__Information shown__:

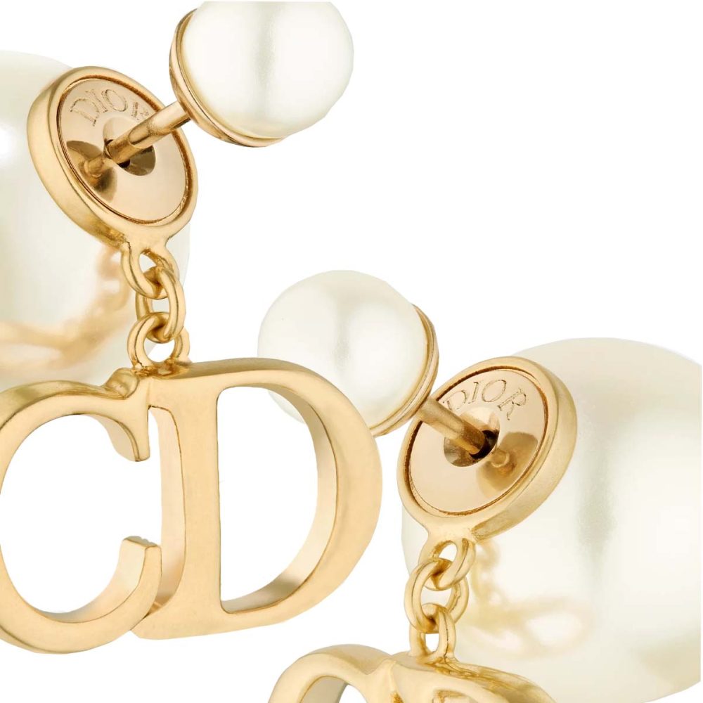 The Dior Tribales earrings play with the timeless signature of the Saddle bag, a true House icon. The hallmark resin pearls showcase the CD signature in gold-finish metal. The earrings can be combined with other Saddle creations.
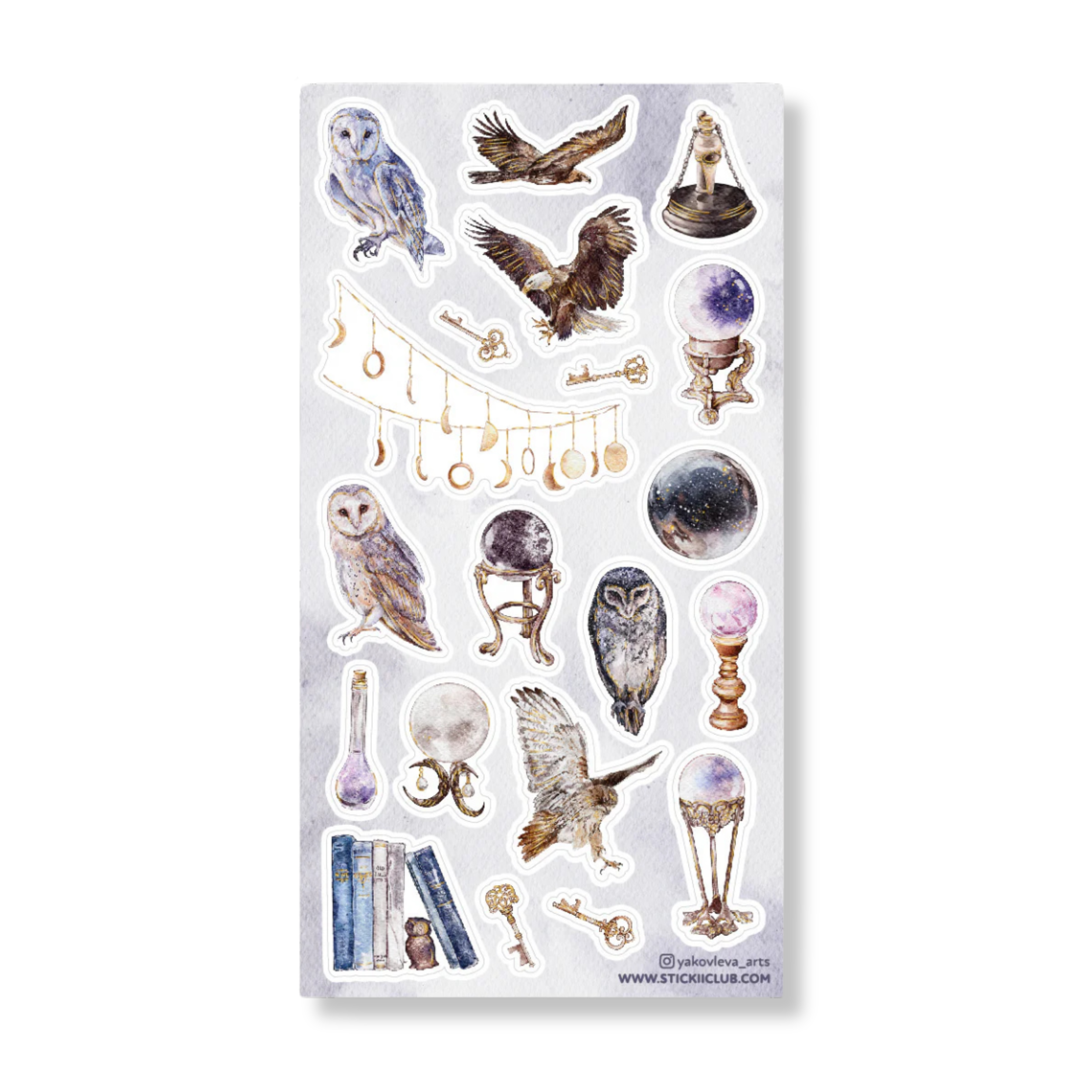 Let your imagination take flight with the Mystical Birds sticker sheet, featuring watercolor illustrations of enchanting birds and magical trinkets.
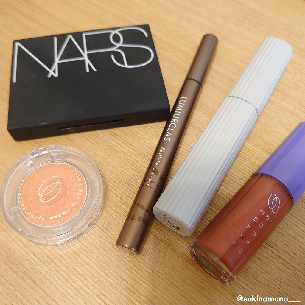 ハロウィンにも使える?オレンジまみれなメイク🍊 アイライナーも高発色なオレンジライナーを使ってとことんオレンジ! マスカラはブラック、チークはブラウン系のオレンジチークにして全体のバランスをとっています👀❤️ このアイライナーをパープルにしてもハロウィンぽいかも🎃💜
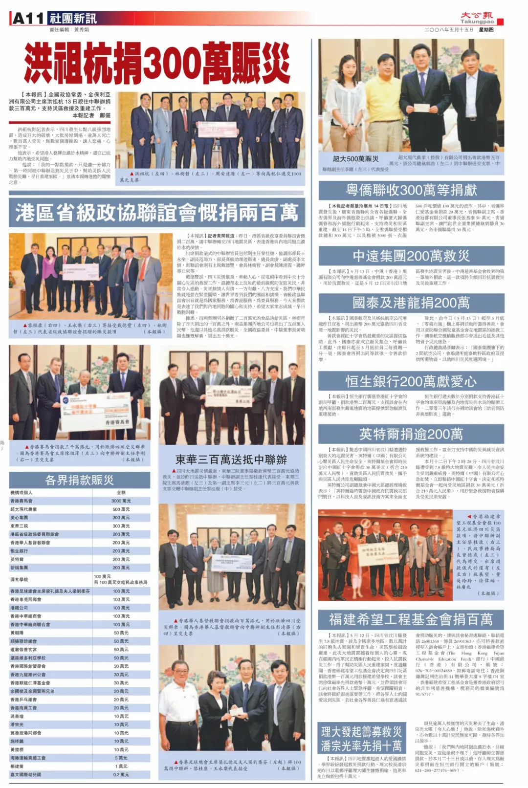 香港各行各業也都在以自己的方式為災區加油:滙豐銀行開始等額捐款,市民捐1元,銀行捐1元;上百名藝人同台籌款2億多港幣。

__Task brief__:
What you hand back should match the listing exactly, except that no pictures appear.

__Worked solution__:
 The Dior Tribales earrings play with the timeless signature of the Saddle bag, a true House icon. The hallmark resin pearls showcase the CD signature in gold-finish metal. The earrings can be combined with other Saddle creations.
 Let your imagination take flight with the Mystical Birds sticker sheet, featuring watercolor illustrations of enchanting birds and magical trinkets.
 ハロウィンにも使える?オレンジまみれなメイク🍊 アイライナーも高発色なオレンジライナーを使ってとことんオレンジ! マスカラはブラック、チークはブラウン系のオレンジチークにして全体のバランスをとっています👀❤️ このアイライナーをパープルにしてもハロウィンぽいかも🎃💜
 香港各行各業也都在以自己的方式為災區加油:滙豐銀行開始等額捐款,市民捐1元,銀行捐1元;上百名藝人同台籌款2億多港幣。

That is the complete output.